Isn’t the Alone feature supposed to be df['Alone'] = df.Family!=1 i.e. if the number of people in the family is 0, then the person is alone?

1 Like

No, very unusual!

Hi all, for anyone who wants to dive deeper into the “from-scratch” neural net we made in this lesson and learn each and every calculation involved in backpropagation, I highly recommend Andrej Karpathy’s The spelled-out intro to neural networks and backpropagation: building micrograd. It took me a couple days to get through the video, but it was well worth it to feel like I finally understood how backpropagation works! I hope it can help others as well.

I tested out the implementation of a neural network from the video on the Titanic dataset and was pleased to see it work just as well/better than the Excel spreadsheet in reducing the final loss.

1 Like

I was having trouble reconciling the classic visual representation of a neural network with the actual tensors used in the code, so I made a picture:

This is imagining a tabular dataset with 3 features, 10,000 rows, 2 hidden layers of 5 nodes each, classifying into 4 categories.

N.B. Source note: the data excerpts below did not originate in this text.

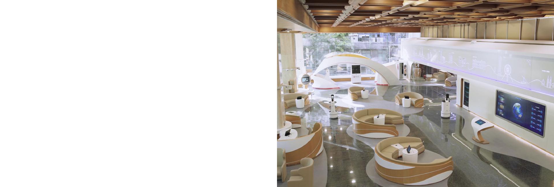 器人服务; 售楼机器人可以与客户进行趣味交流互动、为客户递送饮品、带领客户参
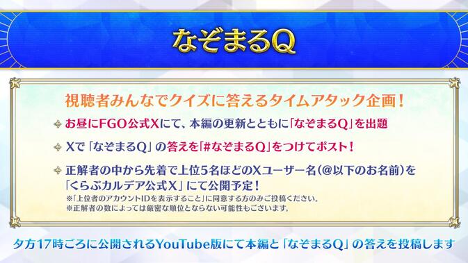 ・お昼にFGO公式Xにて、本編の更新とともに「なぞまるQ」を出題
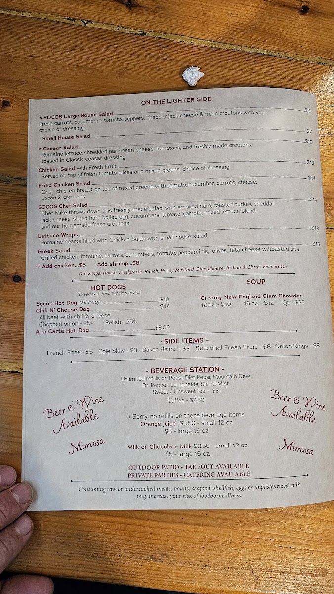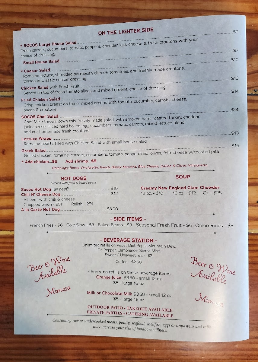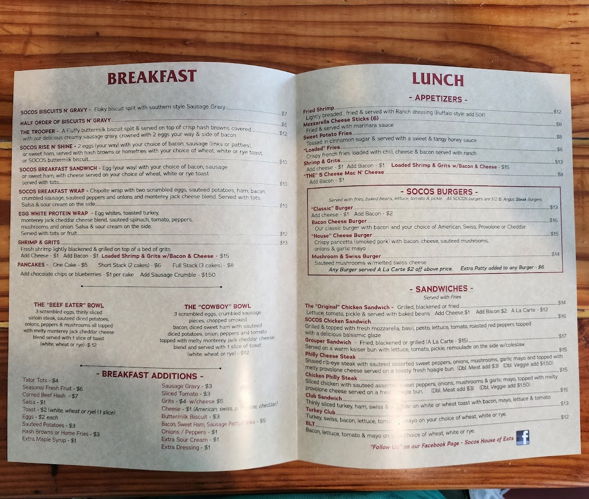 At Socos House Of Eats Menu, you're in for a treat with a diverse range of dishes designed to satisfy any craving. Located at 7364 W Grover Cleveland Blvd, Homosassa, FL, this spot offers something for everyone. Whether you're in the mood for hearty comfort food or something light and fresh, the menu is packed with flavor-packed options that hit the spot. From mouth-watering appetizers to savory main courses, each dish is crafted with care and packed with rich flavors. Pair your meal with one of the refreshing drinks, and you’ve got the perfect dining experience. Whether you're a regular or a first-timer, there's always something new to try at Socos House of Eats.
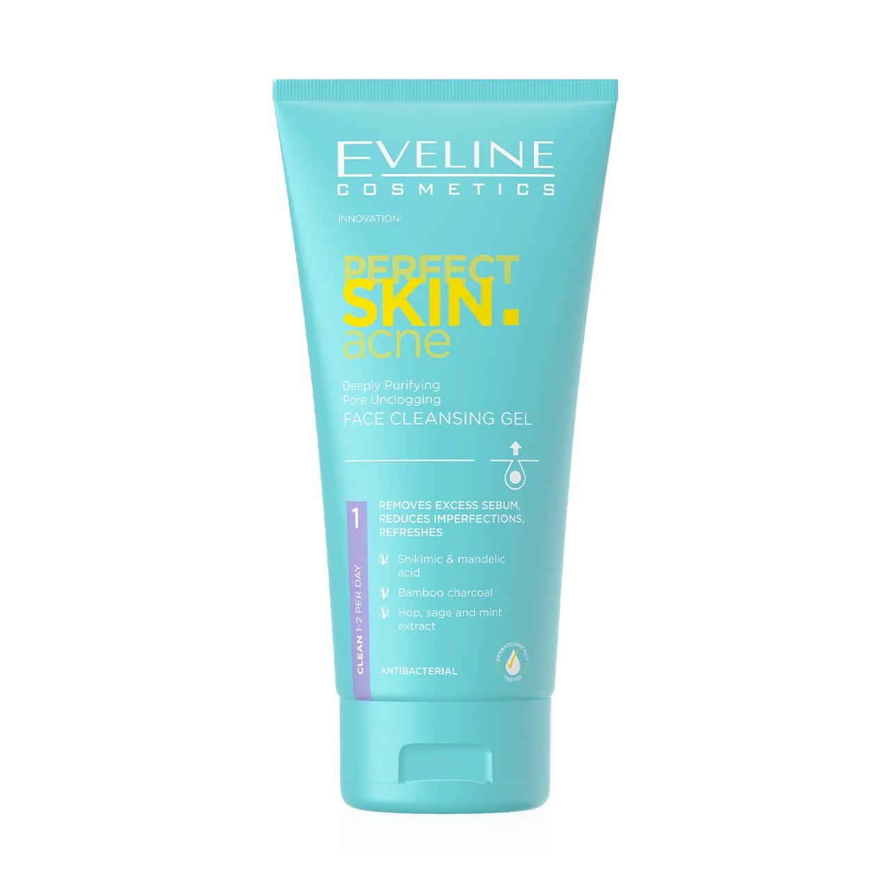 Eveline Cosmetics Perfect Skin Acne Deeply Purifying Pore Unclogging Face Cleansing Gel immediately removes make-up, excess sebum and other impurities from the skin surface, mattifies and prevents formation of imperfections. Ultra effective ingredients: -Shikimik & Mandelic Acid have exfoliating and antibacterial properties, effectievely overcome recurring imperfections. -Bamboo charcoal -Hop, Sage and Mint extract
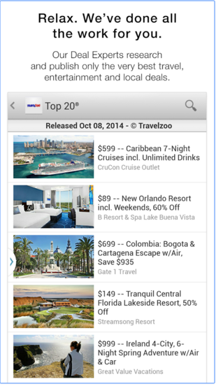 Travelzoo son dakika seyahatleri, aktiviteleri ve eğlence etkinliklerini ayağınıza getiriyor! Yerel kişiler gibi şehri yaşamak isteyen turistler ise uygulamanın harita özelliği ile birlikte kendilerine yakın olan aktiviteleri listeleyebilirler. Beyzboldan baleye kadar binbir çeşit aktiviteye bu uygulama sayesinde erişmeniz mümkün. Ayrıca, uygulama yerel kampanya kuponlarını vb. kullanıcılarının telefonlarına gönderiyor ve bu kuponları telefonunuzdan yetkililere göstererek kullanabilmenize imkan sağlıyor.
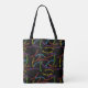 Chiropraktor personalisierte Totbeutel mit farbenfrohen Formulierungen auf schwarzem Hintergrund.
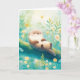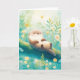 This adorable otter rests on a log surrounded by bright yellow and white flowers. The serene background features soft blues and greens, with the otter peacefully floating in the water. The joyful expression on the otter’s face adds to the tranquillity of the scene, making it perfect for nature lovers and those who appreciate peaceful wildlife illustrations.
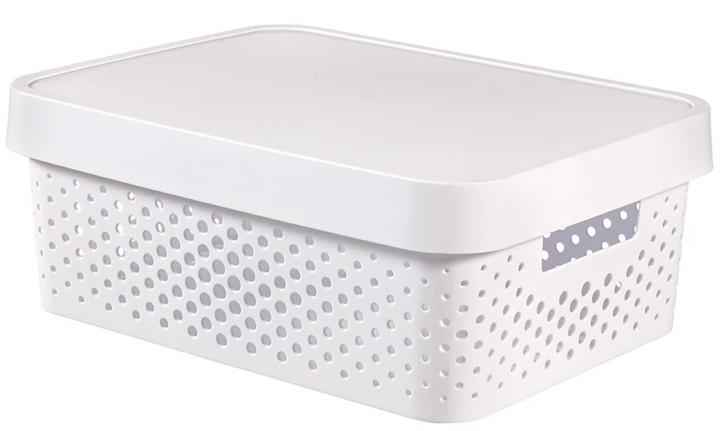 Masszív és plusz hogy van teteje. Szekrény alatti tárolásra vettem. A lyukak miatt szellőzik de cserébe porosodik is

Disclaimers: it might not be right, I’m just learning; I’ve left out constants; it’s not really a straight multiply for ReLU and sigmoid, no softmax on the output.

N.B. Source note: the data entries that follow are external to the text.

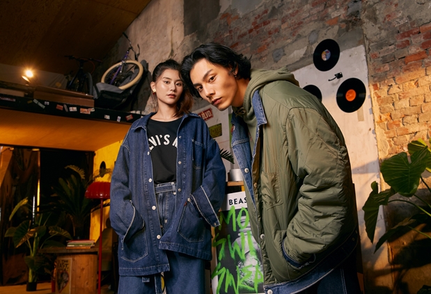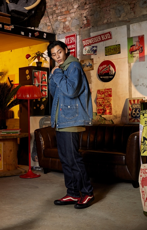 寬鬆的著衣襯托大男孩個性風,重點元素包含及經典的LEVI’S Logo Tee、百搭潮流丹寧褲及軍裝風丹寧夾克等等,完全零失誤的搭配。
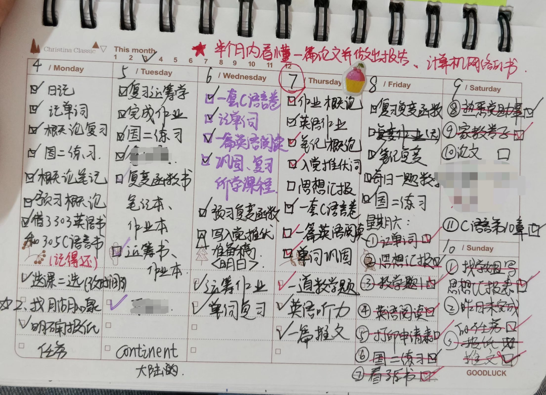 大学里我最喜欢做的一件事情就是计划,每日计划、每周计划都被我写得满满的。现在回头看,感觉自己大学四年的每一天都很充实。
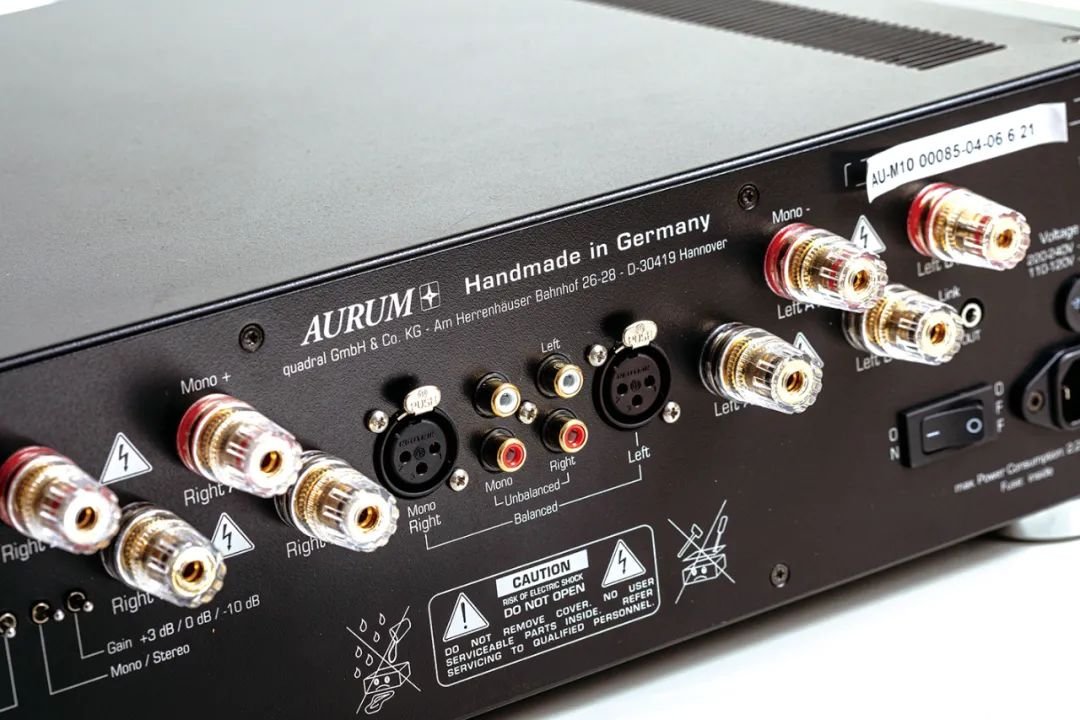 Ogromna moc w zasięgu ręki i przyjemność odtwarzania robiąca ogromne wrażenie - to najważniejsze cechy nowego wzmacniacza AURUM M10. Wyrazista struktura separowanych kanałów i wyjątkowo mocne zasilanie oraz, oczywiście, starannie wyselekcjonowane podzespoły elektroniczne sprawiają, że AURUM M10 to prawdziwie harmonijny wzmacniacz mocy. Stojący na szczycie serii AURUM model może być użyty zarówno w konfiguracji monofonicznej, jak i stereofonicznej; w trybie monofonicznym dostępnych jest ponad 1000 W przy 4 omach. Zapewnia on zapierający dech w piersiach muzyczny detal o największym stopniu wyrafinowania. M10 jest olśniewający, mocny i czysty; z naturalnością i niespożytą wolą dostarcza ci to, co najlepsze.

The takeaway (for me at least) is that picturing a network as nodes and edges in layers isn’t particularly helpful and it’s probably best to just think in terms of the actual code objects, now that I know how it works. And they take a lot less time to draw :slight_smile:

5 Likes

TBH I think a big reason for the popularity of the nodes/edges things is that they look kinda cool and impressive…